Com apenas uma película de base nessa região, o rosto mantém um aspecto mais macio. A pele parece mais lisa, sem ficar “rebocada” com fórmulas de alta cobertura. As linhas continuam existindo, mas chamam menos atenção porque não há resíduo de produto depositado nos sulcos.

"Menos base na testa deixa o rosto mais jovem, relaxado e natural."

Erros comuns com base - e como evitar

Muitos dos problemas vêm do piloto automático. Vale conferir os tropeços clássicos:

Erro Consequência Melhor assim
Usar a mesma quantidade em todas as áreas Brilho, efeito máscara, zona T irregular Na zona T, passe só o que restou no aplicador
Retocar em área grande ao longo do dia Acabamento grosso e manchado Primeiro retire a oleosidade; depois, retoque apenas onde precisa
Tom errado (claro demais ou escuro demais) Rosto acinzentado ou alaranjado Teste a cor na transição para a bochecha
Não preparar a pele Descamação e ressecado mais evidente Skincare, se necessário primer, e então base em camada fina

Quais texturas de base favorecem essa técnica

Nem toda fórmula se comporta do mesmo jeito com a técnica da zona T. Algumas referências ajudam na escolha:

  • Base líquida leve: funciona bem para construir cobertura nas bochechas e “puxar” fininho para testa e nariz.
  • Texturas sérum ou skin tint: ótimas para um resultado natural e, na prática, já combinam com a aplicação mais econômica.
  • Produtos de alta cobertura: melhor usar com mão leve e só construir camadas onde manchas e espinhas realmente incomodam.
  • Base em pó: exige ainda mais cuidado com camadas finas, porque pode ficar com aspecto “calcário” com facilidade.

Se você gosta de mais cobertura, dá para concentrá-la nas bochechas e equalizar a zona T apenas de leve. O visual fica mais profissional e, ao mesmo tempo, sem excesso.

Como a preparação e os cuidados mudam o resultado

Base nunca funciona isolada da rotina de cuidados.
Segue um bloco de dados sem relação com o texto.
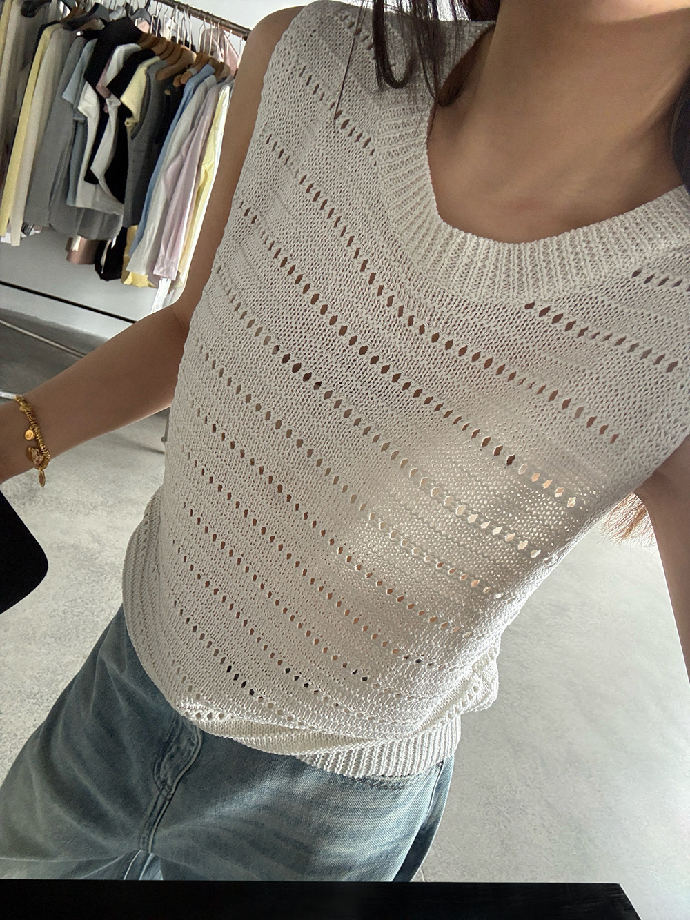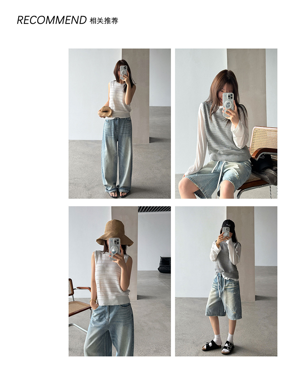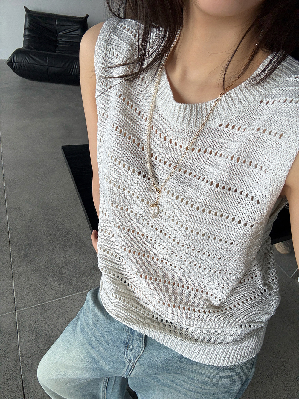 【王琪芝】极简休闲风无袖针织衫女春夏镂空感设计叠穿背心WQ193
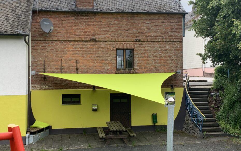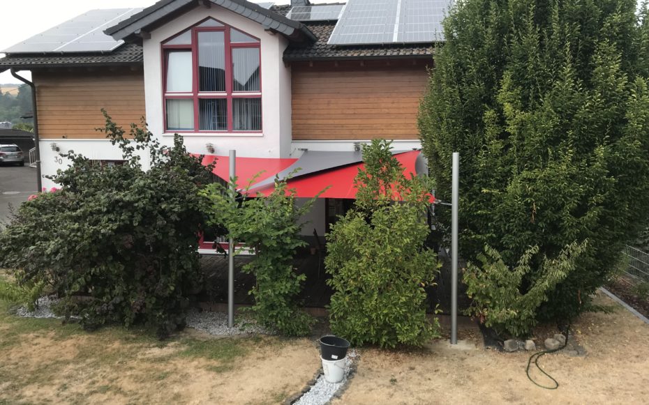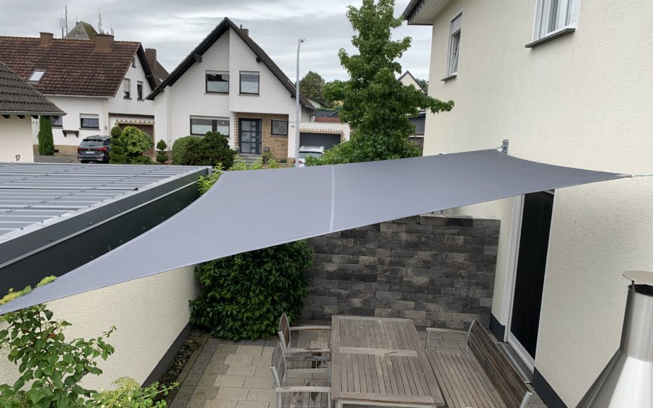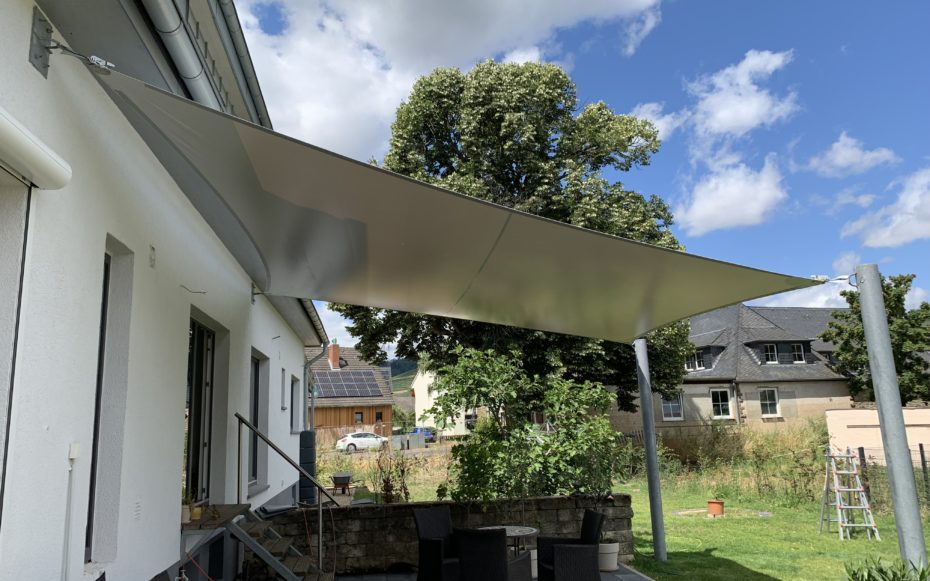 Um die Terrasse vor der Sonne und auch vor Regen zu schützen, wurden zwei Sonnensegel geplant, konfektioniert und montiert.

Com alguns ajustes, a técnica da zona T rende muito mais:

  • Limpeza: de manhã, use um gel ou uma loção suave que remova a oleosidade em excesso sem ressecar.
  • Hidratação: um hidratante leve na zona T e uma textura mais rica nas bochechas, se essa área estiver mais seca.
  • Primer (opcional): no centro do rosto, um primer matificante ou que minimize poros, aplicado em camada bem fina.

Com uma base bem feita, a pele naturalmente pede menos base. A zona T até segue produzindo sebo, mas lida muito melhor quando não há produto demais por cima.

Por que menos produto costuma parecer mais profissional

Ao ver tapete vermelho e editoriais, dá para pensar que celebridades usam maquiagem em excesso. Só que muitos profissionais trabalham justamente com esse princípio: aplicação estratégica, quase nada nas áreas mais oleosas, e correção visual em vez de cobertura total.

Quando você alivia de propósito essas duas zonas - testa e nariz - costuma perceber em poucos dias: o rosto mantém o ar de fresco por mais tempo, os retoques ficam mais fáceis, e a pele deixa de parecer “rebocada”, passando a parecer uma versão melhorada da própria pele. É exatamente esse o objetivo: uma maquiagem que aguenta o dia a dia sem parecer maquiagem.